> **Exercise directions**
Your copy should begin with the line containing "same amount. |", end with the line containing "Endorsements allow you", match the listing below exactly, and contain no pictures.
Content starts
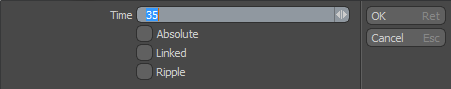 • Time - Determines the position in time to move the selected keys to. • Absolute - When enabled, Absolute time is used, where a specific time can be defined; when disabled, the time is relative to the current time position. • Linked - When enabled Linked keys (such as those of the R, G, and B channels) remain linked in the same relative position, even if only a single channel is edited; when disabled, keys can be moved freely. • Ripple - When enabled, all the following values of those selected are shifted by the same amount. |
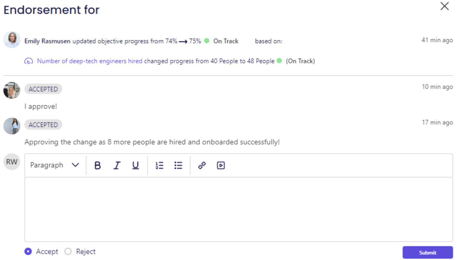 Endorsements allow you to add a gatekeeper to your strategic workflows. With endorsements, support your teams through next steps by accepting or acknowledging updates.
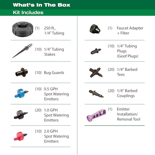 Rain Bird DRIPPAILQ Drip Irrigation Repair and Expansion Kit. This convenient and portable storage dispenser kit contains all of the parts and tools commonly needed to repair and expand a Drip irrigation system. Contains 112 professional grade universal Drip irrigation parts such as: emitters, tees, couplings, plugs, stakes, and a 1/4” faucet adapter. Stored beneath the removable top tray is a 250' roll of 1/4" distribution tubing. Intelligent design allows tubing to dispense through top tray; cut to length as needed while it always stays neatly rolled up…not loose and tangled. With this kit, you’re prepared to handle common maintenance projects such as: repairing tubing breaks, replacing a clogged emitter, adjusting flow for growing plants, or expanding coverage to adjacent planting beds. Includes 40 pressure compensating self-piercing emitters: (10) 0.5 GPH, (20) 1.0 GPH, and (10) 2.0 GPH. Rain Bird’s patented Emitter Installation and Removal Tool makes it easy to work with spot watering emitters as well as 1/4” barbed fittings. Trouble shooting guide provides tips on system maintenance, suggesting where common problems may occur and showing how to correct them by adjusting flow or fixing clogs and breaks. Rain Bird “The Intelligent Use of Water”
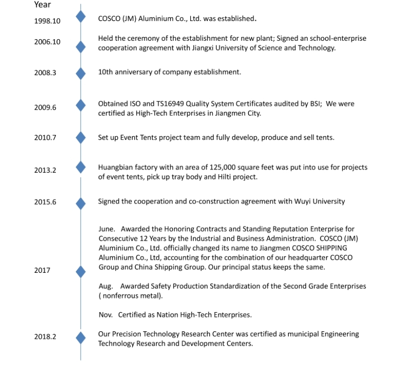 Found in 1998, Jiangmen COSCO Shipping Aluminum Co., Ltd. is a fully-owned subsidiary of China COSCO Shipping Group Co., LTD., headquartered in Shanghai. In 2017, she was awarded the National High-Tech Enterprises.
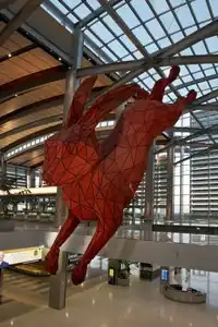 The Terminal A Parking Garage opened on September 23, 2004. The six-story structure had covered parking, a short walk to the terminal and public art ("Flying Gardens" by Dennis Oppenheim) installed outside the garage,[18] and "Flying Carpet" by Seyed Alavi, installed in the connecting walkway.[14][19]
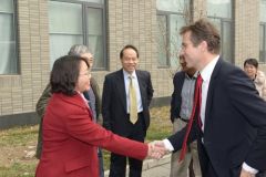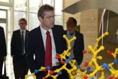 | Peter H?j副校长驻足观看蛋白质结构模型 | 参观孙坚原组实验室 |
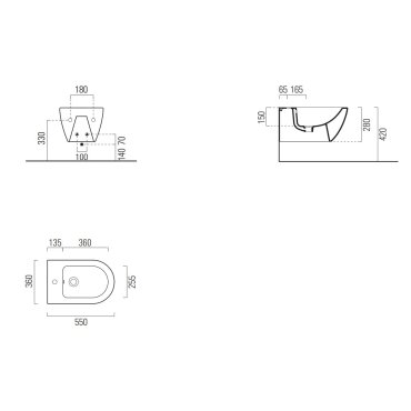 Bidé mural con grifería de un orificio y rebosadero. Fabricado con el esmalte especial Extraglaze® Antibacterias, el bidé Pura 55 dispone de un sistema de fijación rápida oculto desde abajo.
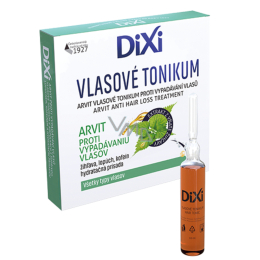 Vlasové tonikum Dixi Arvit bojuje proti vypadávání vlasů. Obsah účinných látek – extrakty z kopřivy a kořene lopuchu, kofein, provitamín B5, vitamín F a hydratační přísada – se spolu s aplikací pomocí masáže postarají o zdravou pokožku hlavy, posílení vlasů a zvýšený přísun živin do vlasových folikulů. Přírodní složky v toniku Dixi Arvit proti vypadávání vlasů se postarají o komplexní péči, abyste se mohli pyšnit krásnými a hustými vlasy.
Content ends
Content starts
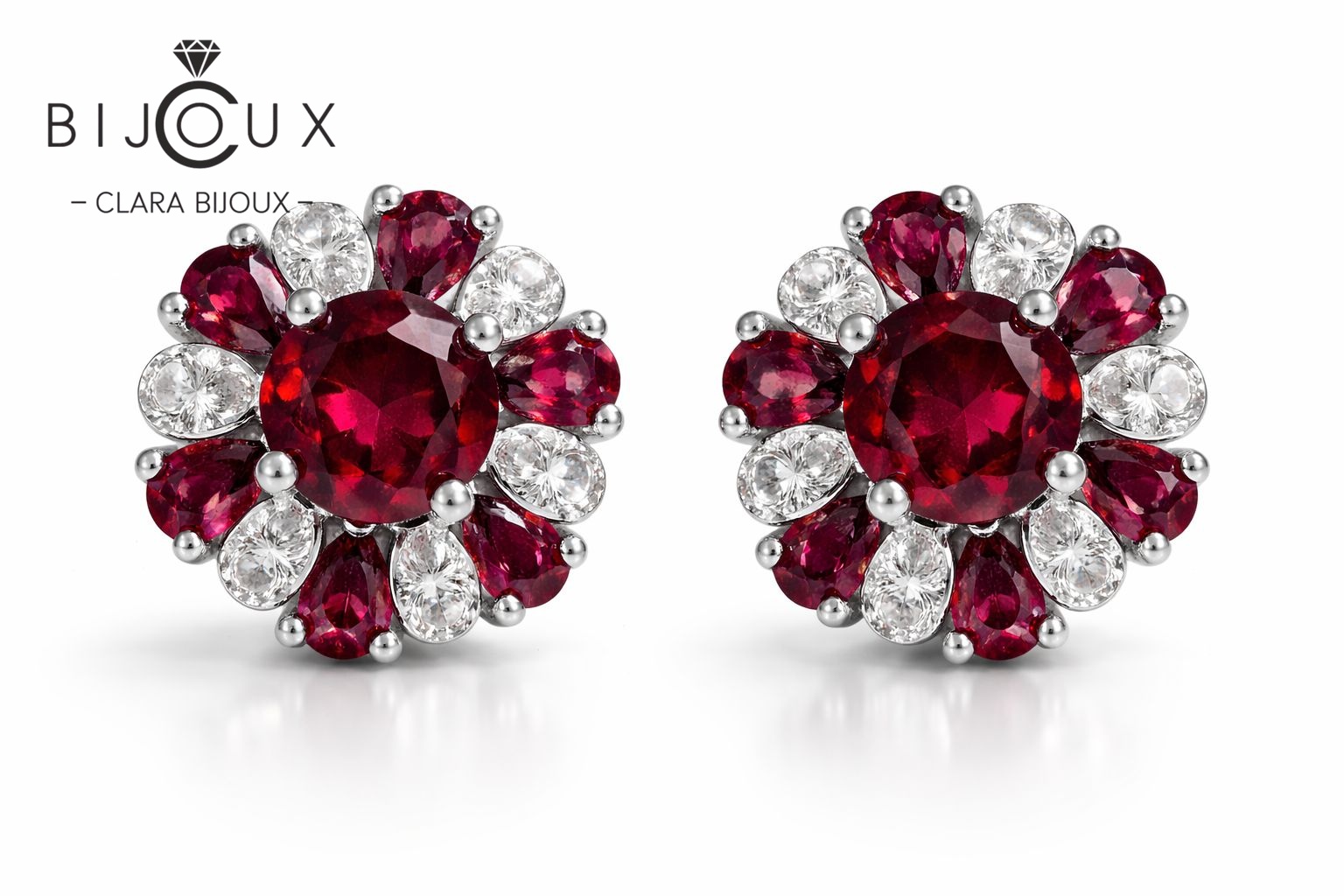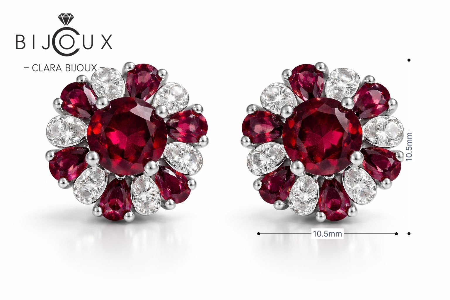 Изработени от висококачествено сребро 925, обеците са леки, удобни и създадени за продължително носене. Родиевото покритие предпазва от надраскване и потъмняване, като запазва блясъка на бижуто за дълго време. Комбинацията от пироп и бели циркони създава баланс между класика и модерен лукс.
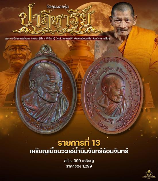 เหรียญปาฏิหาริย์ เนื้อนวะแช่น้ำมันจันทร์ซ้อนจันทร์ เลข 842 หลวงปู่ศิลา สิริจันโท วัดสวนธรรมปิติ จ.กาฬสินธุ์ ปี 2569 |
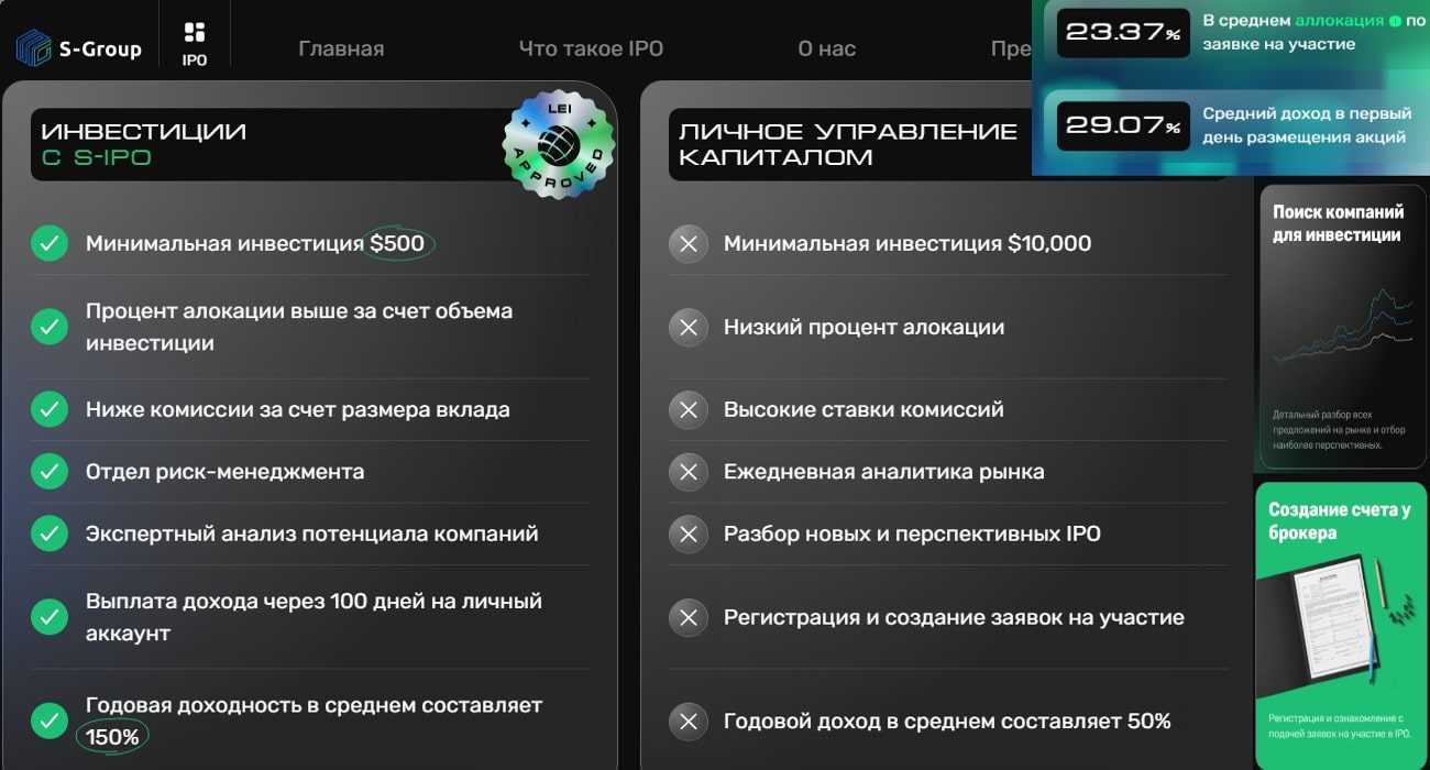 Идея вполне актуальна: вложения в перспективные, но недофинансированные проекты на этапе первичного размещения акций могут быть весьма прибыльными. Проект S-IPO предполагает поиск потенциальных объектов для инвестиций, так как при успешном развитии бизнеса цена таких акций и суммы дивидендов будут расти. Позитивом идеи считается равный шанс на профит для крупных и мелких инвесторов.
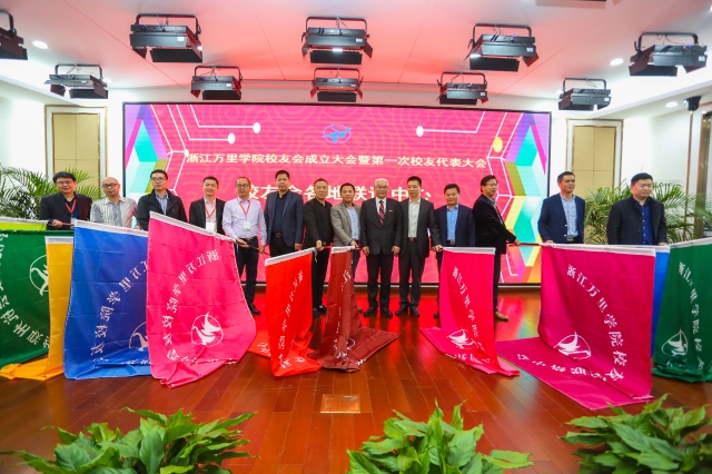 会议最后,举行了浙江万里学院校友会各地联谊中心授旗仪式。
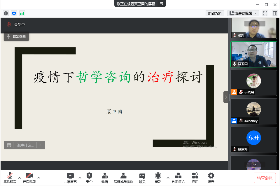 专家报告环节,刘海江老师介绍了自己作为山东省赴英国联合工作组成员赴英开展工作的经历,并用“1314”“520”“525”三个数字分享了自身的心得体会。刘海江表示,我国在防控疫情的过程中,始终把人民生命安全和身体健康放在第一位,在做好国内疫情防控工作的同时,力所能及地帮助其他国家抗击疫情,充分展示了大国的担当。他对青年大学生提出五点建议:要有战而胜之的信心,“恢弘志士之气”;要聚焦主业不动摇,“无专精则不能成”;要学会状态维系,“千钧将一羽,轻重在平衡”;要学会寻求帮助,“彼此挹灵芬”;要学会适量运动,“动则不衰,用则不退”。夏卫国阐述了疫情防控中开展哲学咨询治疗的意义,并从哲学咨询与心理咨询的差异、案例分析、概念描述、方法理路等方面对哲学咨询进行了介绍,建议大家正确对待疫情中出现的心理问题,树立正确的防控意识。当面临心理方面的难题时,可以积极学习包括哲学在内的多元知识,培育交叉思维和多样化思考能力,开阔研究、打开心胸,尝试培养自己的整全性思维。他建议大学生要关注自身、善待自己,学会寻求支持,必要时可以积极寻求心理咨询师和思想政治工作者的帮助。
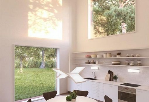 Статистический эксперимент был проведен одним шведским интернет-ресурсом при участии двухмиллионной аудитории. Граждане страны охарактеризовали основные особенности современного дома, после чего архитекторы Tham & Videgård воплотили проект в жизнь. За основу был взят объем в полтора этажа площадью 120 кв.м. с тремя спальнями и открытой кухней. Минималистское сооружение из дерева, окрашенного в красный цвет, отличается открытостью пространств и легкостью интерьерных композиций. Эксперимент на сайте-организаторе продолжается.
Content ends
> **Reply**
 • Time - Determines the position in time to move the selected keys to. • Absolute - When enabled, Absolute time is used, where a specific time can be defined; when disabled, the time is relative to the current time position. • Linked - When enabled Linked keys (such as those of the R, G, and B channels) remain linked in the same relative position, even if only a single channel is edited; when disabled, keys can be moved freely. • Ripple - When enabled, all the following values of those selected are shifted by the same amount. |
 Endorsements allow you to add a gatekeeper to your strategic workflows. With endorsements, support your teams through next steps by accepting or acknowledging updates.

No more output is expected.